Dataset entries
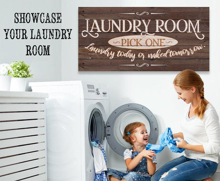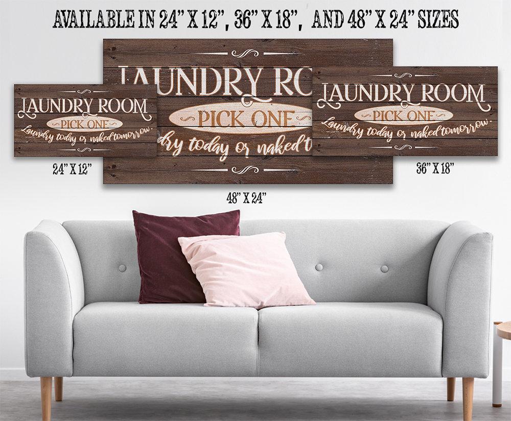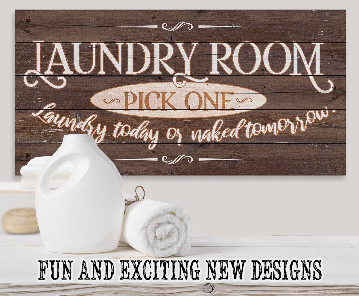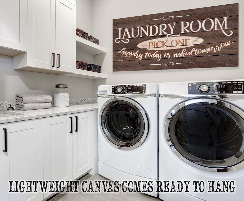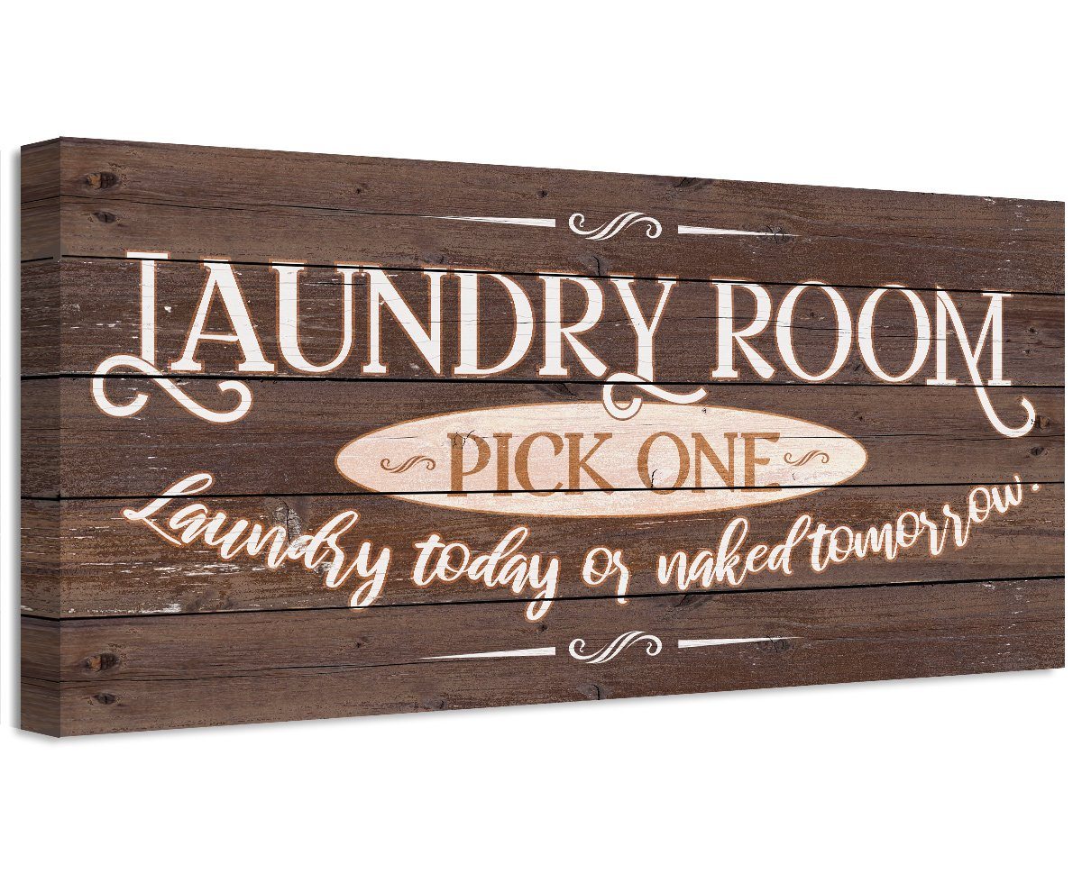 Laundry Pick One - Large Canvas (Not Printed on Wood) - Stretched on a Heavy Wood Frame - Ready to Hang-Laundry Room Decor-Housewarming GiftBring an elegant touch to any room! This large, vivid colored artwork adds the perfect focal point to any room.UPDATED DESIGNS - We created this design to be on trend with an elegant, timeless style that will greatly complement your homeMADE IN AMERICA - All our canvas artwork is hand-stretched by our employees in Tomball, Texas. We take pride in doing the work here and doing it right.REAL WOOD - We only use real pine 1.5" stretcher bars. We never use cheap particleboard stretcher bars like other sellers.PREMIUM CANVAS - So much of what goes into the final reproduction depends on the quality and consistency of the canvas. We only use acid-free, heavy canvas, which is not only durable but will not degrade over time. The surface has been specially prepared to accept and hold the inks, allowing them to radiate the brilliant color.PREMIUM INKS - The canvas is printed one at a time with the finest UV resistant inks using the latest high-resolution giclee printers. As the ink is laid on the matched and coated canvas, the result is an absolutely opaque, rich and brilliant reproduction. In addition, the UV properties of the ink ensure a fade-resistant, long-lasting beautiful image for decades.HAND STRETCHED - To ensure that the canvas remains taught, it is hand stretched around hardwood stretcher bars, fixed using no less than one staple per inch.THE ART - Now that you know how much effort goes into each piece, itâs time to do the most important stepâ¦selecting your favorite image... Click the Select Options button to start your order
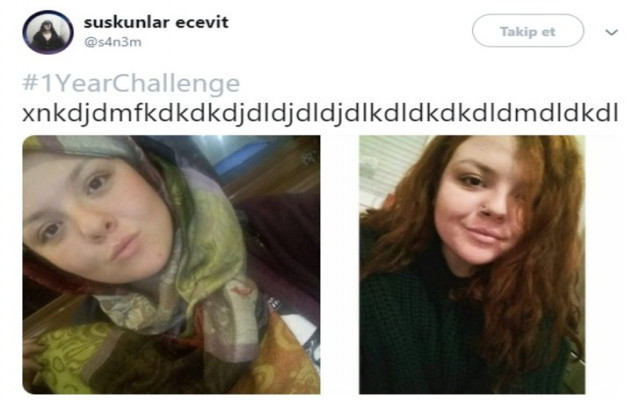 Kullanıcıların, on yıl önceki ve şu anki hallerini paylaştıkları akıma uyarak geçmişte başörtüsü kullanan bazı kadın kullanıcılar bugünkü başörtüsüz hallerini “#1YearsChallenge” etiketi altında günlerdir hız kesmeden paylaşıyor.
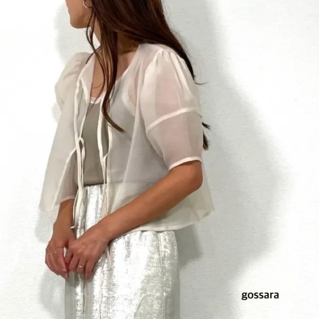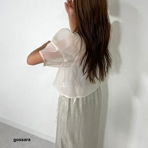 女性らしいフェミニンな印象を演出するランタンSVクロップドブラウス。
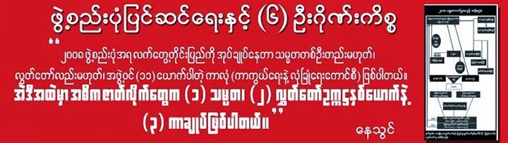 ဦးသိန္းစိန္အစိုးရက အတုိက္ အခံေတြ၊ တုိင္းရင္းသားေတြနဲ႔ ၿငိမ္း ခ်မ္းေရး ေဆြးေႏြးေနတယ္။ ဒါေပ မယ့္ ၂၀၀၈ ဖြဲ႔စည္းပံု ကိုယ္တုိင္က စစ္တပ္ကို ႏုိိင္ငံေရးနဲ႔ စီးပြားေရး အခြင့္ထူးေတြ ေပးထားတဲ့ဖြဲ႔စည္းပုံ ျပည္သူေတြရဲ႕ ဒီမုိကေရစီအခြင့္ အေရးနဲ႔ အသက္ေမြး၀မ္းေက်ာင္းမႈ ေတြကို နည္းမ်ဳိးစံုနဲ႔ သိမ္းပိုက္ထားတဲ့ ဖြဲ႔စည္းပံု၊ တုိင္းရင္းသားေဒသက သဘာ၀အရင္းအျမစ္ေတြကို ေဒသခံ ေတြ ခံစားခြင့္မရေအာင္ ကန္႔သတ္ ထားတဲ့ ဖြဲ႔စည္းပံု ျဖစ္ေနတယ္။ တရားမွ်တျခင္း၊ လြတ္လပ္ျခင္း၊ တန္းတူညီမွ်မႈ၊ ကင္းမဲ့ေနတယ္။
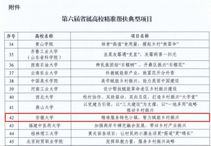 本网讯(校乡村振兴领导小组办公室 王景峰)近日,教育部公布第六届省属高校精准帮扶典型项目推选结果。全国共有30个省级教育行政部门和11所部省合建高校推荐了180个项目,经32个省级教育行政部门和64所承担定点帮扶任务的直属高校投票推选, 共推选出 29个省区市及新疆生产建设兵团的61所高校的典型项目。我校推荐的“精准服务特色小镇,智力赋能乡村振兴”成功入选。

* [Task goal] Output every entry word for word, but omit the pictures.

* [Response]
 Laundry Pick One - Large Canvas (Not Printed on Wood) - Stretched on a Heavy Wood Frame - Ready to Hang-Laundry Room Decor-Housewarming GiftBring an elegant touch to any room! This large, vivid colored artwork adds the perfect focal point to any room.UPDATED DESIGNS - We created this design to be on trend with an elegant, timeless style that will greatly complement your homeMADE IN AMERICA - All our canvas artwork is hand-stretched by our employees in Tomball, Texas. We take pride in doing the work here and doing it right.REAL WOOD - We only use real pine 1.5" stretcher bars. We never use cheap particleboard stretcher bars like other sellers.PREMIUM CANVAS - So much of what goes into the final reproduction depends on the quality and consistency of the canvas. We only use acid-free, heavy canvas, which is not only durable but will not degrade over time. The surface has been specially prepared to accept and hold the inks, allowing them to radiate the brilliant color.PREMIUM INKS - The canvas is printed one at a time with the finest UV resistant inks using the latest high-resolution giclee printers. As the ink is laid on the matched and coated canvas, the result is an absolutely opaque, rich and brilliant reproduction. In addition, the UV properties of the ink ensure a fade-resistant, long-lasting beautiful image for decades.HAND STRETCHED - To ensure that the canvas remains taught, it is hand stretched around hardwood stretcher bars, fixed using no less than one staple per inch.THE ART - Now that you know how much effort goes into each piece, itâs time to do the most important stepâ¦selecting your favorite image... Click the Select Options button to start your order
 Kullanıcıların, on yıl önceki ve şu anki hallerini paylaştıkları akıma uyarak geçmişte başörtüsü kullanan bazı kadın kullanıcılar bugünkü başörtüsüz hallerini “#1YearsChallenge” etiketi altında günlerdir hız kesmeden paylaşıyor.
 女性らしいフェミニンな印象を演出するランタンSVクロップドブラウス。
 ဦးသိန္းစိန္အစိုးရက အတုိက္ အခံေတြ၊ တုိင္းရင္းသားေတြနဲ႔ ၿငိမ္း ခ်မ္းေရး ေဆြးေႏြးေနတယ္။ ဒါေပ မယ့္ ၂၀၀၈ ဖြဲ႔စည္းပံု ကိုယ္တုိင္က စစ္တပ္ကို ႏုိိင္ငံေရးနဲ႔ စီးပြားေရး အခြင့္ထူးေတြ ေပးထားတဲ့ဖြဲ႔စည္းပုံ ျပည္သူေတြရဲ႕ ဒီမုိကေရစီအခြင့္ အေရးနဲ႔ အသက္ေမြး၀မ္းေက်ာင္းမႈ ေတြကို နည္းမ်ဳိးစံုနဲ႔ သိမ္းပိုက္ထားတဲ့ ဖြဲ႔စည္းပံု၊ တုိင္းရင္းသားေဒသက သဘာ၀အရင္းအျမစ္ေတြကို ေဒသခံ ေတြ ခံစားခြင့္မရေအာင္ ကန္႔သတ္ ထားတဲ့ ဖြဲ႔စည္းပံု ျဖစ္ေနတယ္။ တရားမွ်တျခင္း၊ လြတ္လပ္ျခင္း၊ တန္းတူညီမွ်မႈ၊ ကင္းမဲ့ေနတယ္။
 本网讯(校乡村振兴领导小组办公室 王景峰)近日,教育部公布第六届省属高校精准帮扶典型项目推选结果。全国共有30个省级教育行政部门和11所部省合建高校推荐了180个项目,经32个省级教育行政部门和64所承担定点帮扶任务的直属高校投票推选, 共推选出 29个省区市及新疆生产建设兵团的61所高校的典型项目。我校推荐的“精准服务特色小镇,智力赋能乡村振兴”成功入选。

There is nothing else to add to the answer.